Give again, exactly as written, the lines of the records below from the line with "Midjourney Bot 更新时间:2026-01-13" to the line with "Beautiful CD release". Both end lines count; pictures do not.

Entries provided:
───
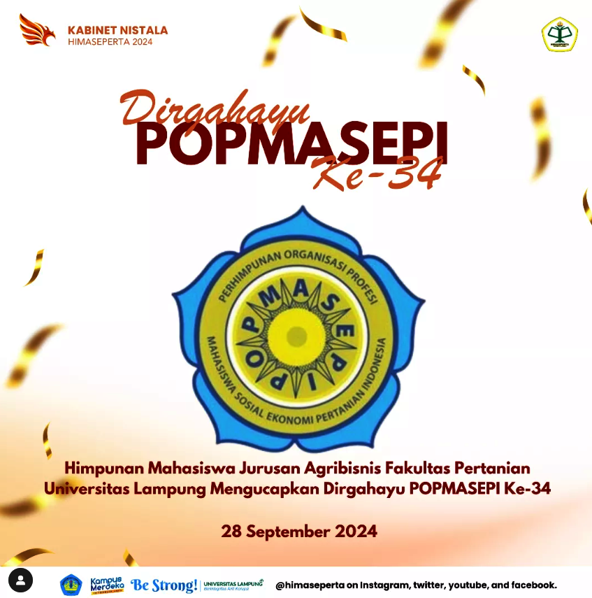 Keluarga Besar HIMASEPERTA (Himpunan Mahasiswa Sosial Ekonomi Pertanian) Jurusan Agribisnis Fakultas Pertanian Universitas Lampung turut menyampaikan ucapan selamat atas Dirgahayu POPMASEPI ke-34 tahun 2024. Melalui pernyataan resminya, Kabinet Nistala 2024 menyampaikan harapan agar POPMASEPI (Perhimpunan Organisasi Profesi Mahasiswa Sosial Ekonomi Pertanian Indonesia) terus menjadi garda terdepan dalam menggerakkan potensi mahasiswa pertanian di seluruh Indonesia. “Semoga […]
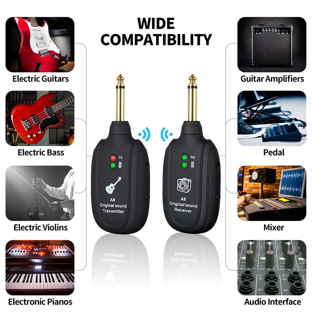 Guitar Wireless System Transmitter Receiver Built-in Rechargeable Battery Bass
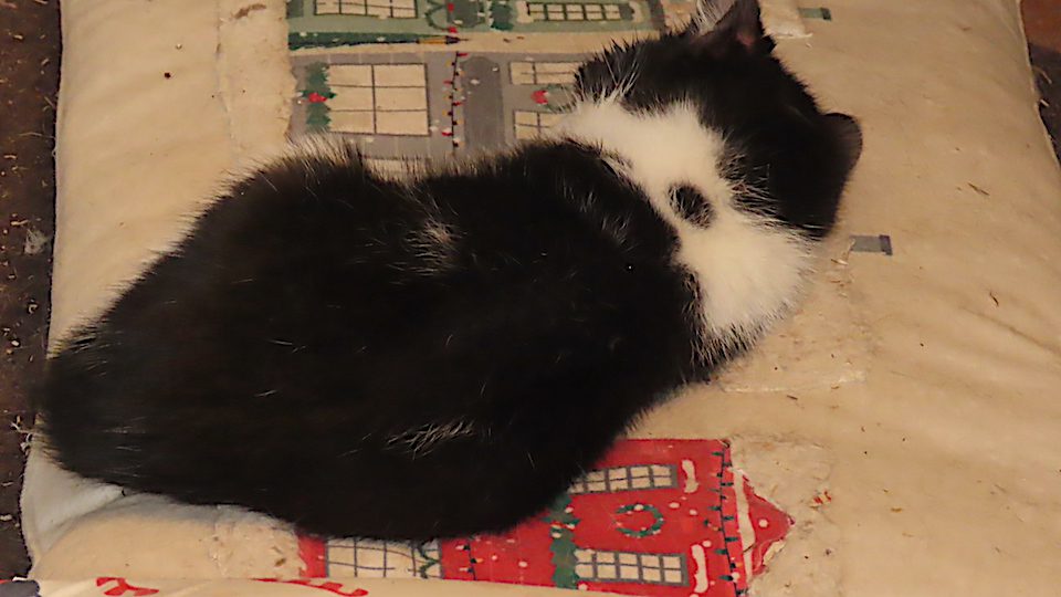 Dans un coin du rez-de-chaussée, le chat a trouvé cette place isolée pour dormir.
───
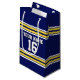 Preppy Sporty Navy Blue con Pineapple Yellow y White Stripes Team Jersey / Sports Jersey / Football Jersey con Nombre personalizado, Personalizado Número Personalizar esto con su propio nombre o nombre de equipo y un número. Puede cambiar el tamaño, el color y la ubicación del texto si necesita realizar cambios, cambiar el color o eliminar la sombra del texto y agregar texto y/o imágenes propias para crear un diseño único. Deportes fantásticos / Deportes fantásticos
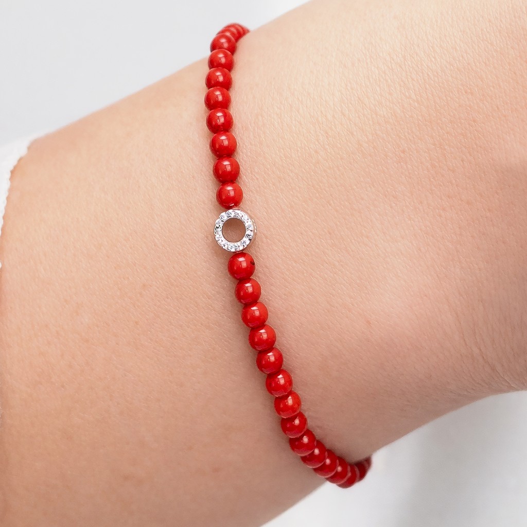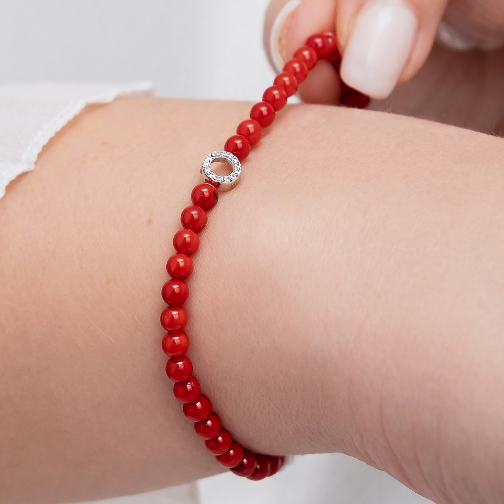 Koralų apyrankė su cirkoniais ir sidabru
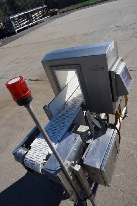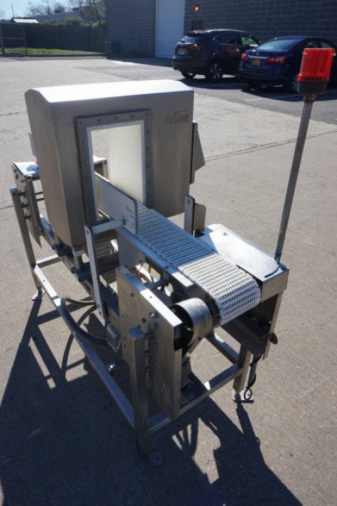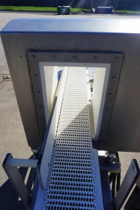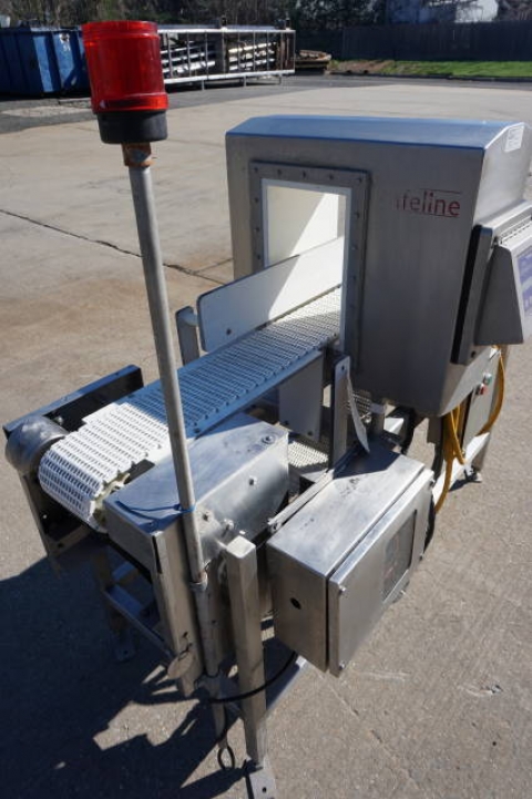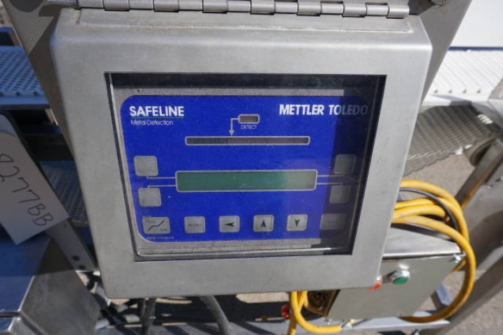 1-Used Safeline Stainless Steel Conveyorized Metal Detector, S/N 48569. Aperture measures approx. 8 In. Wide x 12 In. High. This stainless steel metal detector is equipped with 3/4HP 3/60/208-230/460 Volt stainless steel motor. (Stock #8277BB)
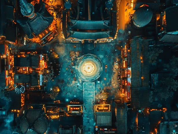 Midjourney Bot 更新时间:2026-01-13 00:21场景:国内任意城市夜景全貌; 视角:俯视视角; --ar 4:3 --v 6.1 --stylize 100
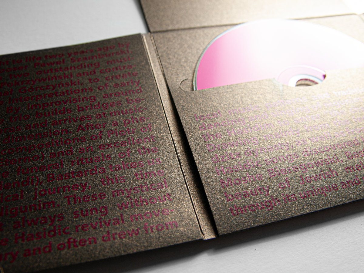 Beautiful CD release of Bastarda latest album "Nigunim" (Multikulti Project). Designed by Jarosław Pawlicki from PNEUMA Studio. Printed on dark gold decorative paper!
───
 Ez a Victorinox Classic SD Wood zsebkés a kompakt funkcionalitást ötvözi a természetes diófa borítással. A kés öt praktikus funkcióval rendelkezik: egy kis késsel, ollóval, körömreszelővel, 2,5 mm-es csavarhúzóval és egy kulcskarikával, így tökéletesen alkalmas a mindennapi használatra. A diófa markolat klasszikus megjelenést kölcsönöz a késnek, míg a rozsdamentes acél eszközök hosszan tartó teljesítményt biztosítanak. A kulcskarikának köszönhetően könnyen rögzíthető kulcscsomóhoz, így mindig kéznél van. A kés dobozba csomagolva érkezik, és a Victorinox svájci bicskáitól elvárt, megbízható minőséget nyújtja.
───
Expected output:
 Midjourney Bot 更新时间:2026-01-13 00:21场景:国内任意城市夜景全貌; 视角:俯视视角; --ar 4:3 --v 6.1 --stylize 100
 Beautiful CD release of Bastarda latest album "Nigunim" (Multikulti Project). Designed by Jarosław Pawlicki from PNEUMA Studio. Printed on dark gold decorative paper!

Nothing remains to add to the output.